• [What the task asks] An exact copy of the listing below is required, minus its pictures.

• [Collected material]
——

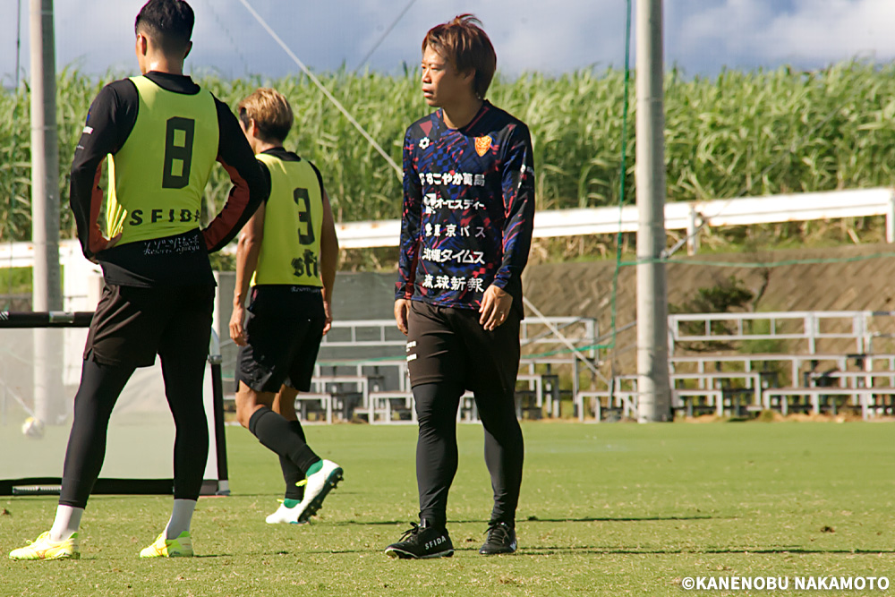 いつもそばにいた盟友・岩渕良太の存在は、そんな揺らぎの中での大きな支えだった。阿吽の呼吸で動ける相手は多くない。昨季の第10節・長野戦(○4-3)でのアベックゴールは二人にとって特別な時間で、「サッカーって楽しい」と自然に思えたという。今季限りでの引退を表明した岩渕を「最終戦は彼を笑顔で送り出したい」。そう願った富所の思いは深かった。最終戦はJ2昇格を狙う八戸との対戦。結果は1-1の引き分けで、琉球の今シーズンが終わった。真摯に取り組んできたからこそ、結果がついてこなかった悔しさは小さくない。けれども、シーズンを通して得たものは確かにあった。中央を使う感覚、攻撃の完結を意識する重要性、若手に伝えるべき判断の部分…これからにつながる線ははっきり残っている。
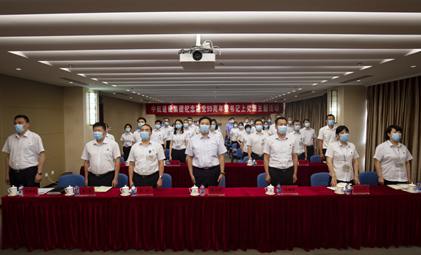 上午8时08分,主题活动以“迎七一,升国旗”仪式拉开序幕。仪式结束后,以集团多功能厅为主会场,视频会议室为分会场,各二级单位、项目部及京外单位通过网络会议系统同步收看参加了主题党课活动。
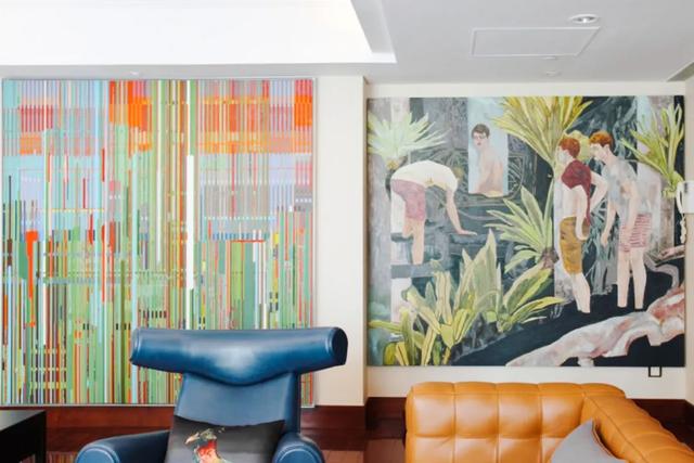 和关东元聊怎么规划收藏的资金、购买艺术品能不能升值,关东元笑着指墙上刘韡和美国当红艺术家赫尔南·巴斯(Hernan Bas)的作品:

——

• [Output below]
 いつもそばにいた盟友・岩渕良太の存在は、そんな揺らぎの中での大きな支えだった。阿吽の呼吸で動ける相手は多くない。昨季の第10節・長野戦(○4-3)でのアベックゴールは二人にとって特別な時間で、「サッカーって楽しい」と自然に思えたという。今季限りでの引退を表明した岩渕を「最終戦は彼を笑顔で送り出したい」。そう願った富所の思いは深かった。最終戦はJ2昇格を狙う八戸との対戦。結果は1-1の引き分けで、琉球の今シーズンが終わった。真摯に取り組んできたからこそ、結果がついてこなかった悔しさは小さくない。けれども、シーズンを通して得たものは確かにあった。中央を使う感覚、攻撃の完結を意識する重要性、若手に伝えるべき判断の部分…これからにつながる線ははっきり残っている。
 上午8时08分,主题活动以“迎七一,升国旗”仪式拉开序幕。仪式结束后,以集团多功能厅为主会场,视频会议室为分会场,各二级单位、项目部及京外单位通过网络会议系统同步收看参加了主题党课活动。
 和关东元聊怎么规划收藏的资金、购买艺术品能不能升值,关东元笑着指墙上刘韡和美国当红艺术家赫尔南·巴斯(Hernan Bas)的作品:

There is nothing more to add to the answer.